Mitogen-activated protein kinases (MAPK) have well-established important roles in apoptosis regulation.³¹ One mechanism how activated p42/44 MAP kinases (extracellular signal-regulated kinase 1/2 (ERK1/2)) suppress apoptosis is by upregulating Bcl-x_L,^{32, 33, 34} and in mammary epithelial cells a significant decrease in Bcl-x_L protein has been reported by using pharmacological inhibitors of both the PI3K/Akt and the p42/44 MAPK pathways.³⁵ We used a specific inhibitor of the activation of mitogen-activated protein kinase kinase (MAPKK), PD 98,059,³⁶ to investigate the role of p42/44 MAP kinases in muristerone A-induced inhibition of RKO cell apoptosis. Figure 3e shows that inhibition of the p42/p44 MAPK pathway by PD 98,059 once again reintroduces FasL sensitivity in muristerone A-treated cells.

To test whether muristerone A treatment activates the pathways blocked by the above-mentioned inhibitors, and whether these inhibitors indeed prevented activation of their target pathways at the concentrations used in this study, we performed Western blot analysis with lysates prepared from RKO cells incubated with the different substances (Figure 4).

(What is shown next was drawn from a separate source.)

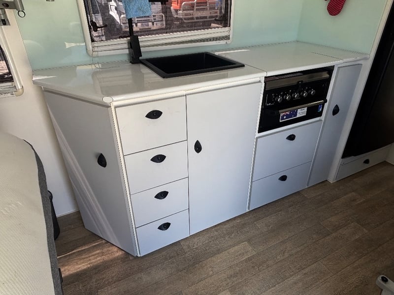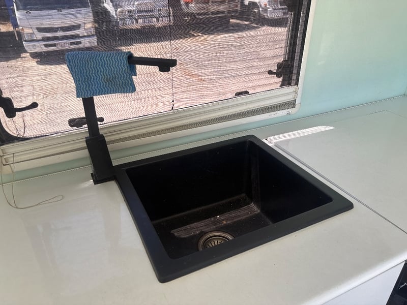 - Stainless steel sink & modern bench finishes

PI3K activation and subsequent generation of phosphatidylinositol-3,4,5-trisphosphate (PI(3,4,5)P3) is a prerequisite for Akt phosphorylation at T308 and S473, by which Akt kinase is activated to fulfill cell survival functions.²⁶ Incubation of RKO cells with muristerone A leads to elevated Akt S473 phosphorylation, while application of the PI3K inhibitor Ly 294002 prevents Akt phosphorylation (see Figure 4a). A similar inhibitory result is obtained with the specific Akt inhibitor that was used in Figure 3c.

Figure 4

PI3K/Akt, PKC and p42/p44 MAPK inhibitors lead to decreased activity of their targets in RKO cells, while muristerone A enhances Akt and p42/p44 MAPK phosphorylation. (a) Western blot analysis of RKO protein lysates with a phospho-specific anti-Akt antibody after treatment of cells with inhibitors of the PI3K/Akt pathway, FasL and muristerone A. Phosphorylation of Akt Ser473 is increased by muristerone A treatment and decreased upon addition of the PI3K inhibitor Ly 294002 or incubation with the specific Akt inhibitor described in Figure 3. The Western blot performed with an antibody recognizing equal amounts of total Akt protein (second panel) is shown as a control. (b) Go6976, an inhibitor of the calcium-dependent PKCα/β isoforms, decreases phosphorylation of PKC substrates when applied to RKO cells under different conditions. Western blot analysis was performed with an antibody recognizing phosphorylated substrates of the PKC kinase.³⁷ Ponceau S staining of the membrane proves equal loading of protein lysates. Whether muristerone A treatment of cells stimulates phosphorylation of PKC targets could not be determined with the given sensitivity of the assay. (c) Western blot analysis of RKO protein lysates with a phospho-specific anti-p42/44 MAPK antibody. Cells were treated with the MAPK pathway inhibitor PD 98,059, FasL and muristerone A. While muristerone A increases phosphorylation of p42/44 MAPK proteins, incubation with PD 98,059 prevents MAPK phosphorylation. Equal loading of protein lysates is demonstrated by incubation of a membrane with identical amounts of the same protein lysates with an antibody recognizing total p42/p44 MAPK proteins, and by Ponceau S staining of the membrane. The exact inhibitor, FasL and muristerone A concentrations and treatment conditions used for the cells before lysate preparation are identical to the ones described in Figure 3

To prove the efficiency of the inhibitor of PKCα and PKCβ isoenzymes, Go6976, at the concentration used in Figure 3d, we performed Western blot analysis with an antibody recognizing phosphorylated PKC substrates.³⁷ As a positive control, we treated RKO cells with the PKC activator phorbol 12-myristate 13-acetate (PMA), and detected a strong increase in PKC substrate phosphorylation. On the contrary, incubation of the cells with Go6976 under different conditions always resulted in declined phosphorylation of PKC substrates as compared to cells that were treated similarly but without Go6976 (Figure 4b). However, the sensitivity of this assay did not allow us to determine whether muristerone A application directly stimulates PKC activity.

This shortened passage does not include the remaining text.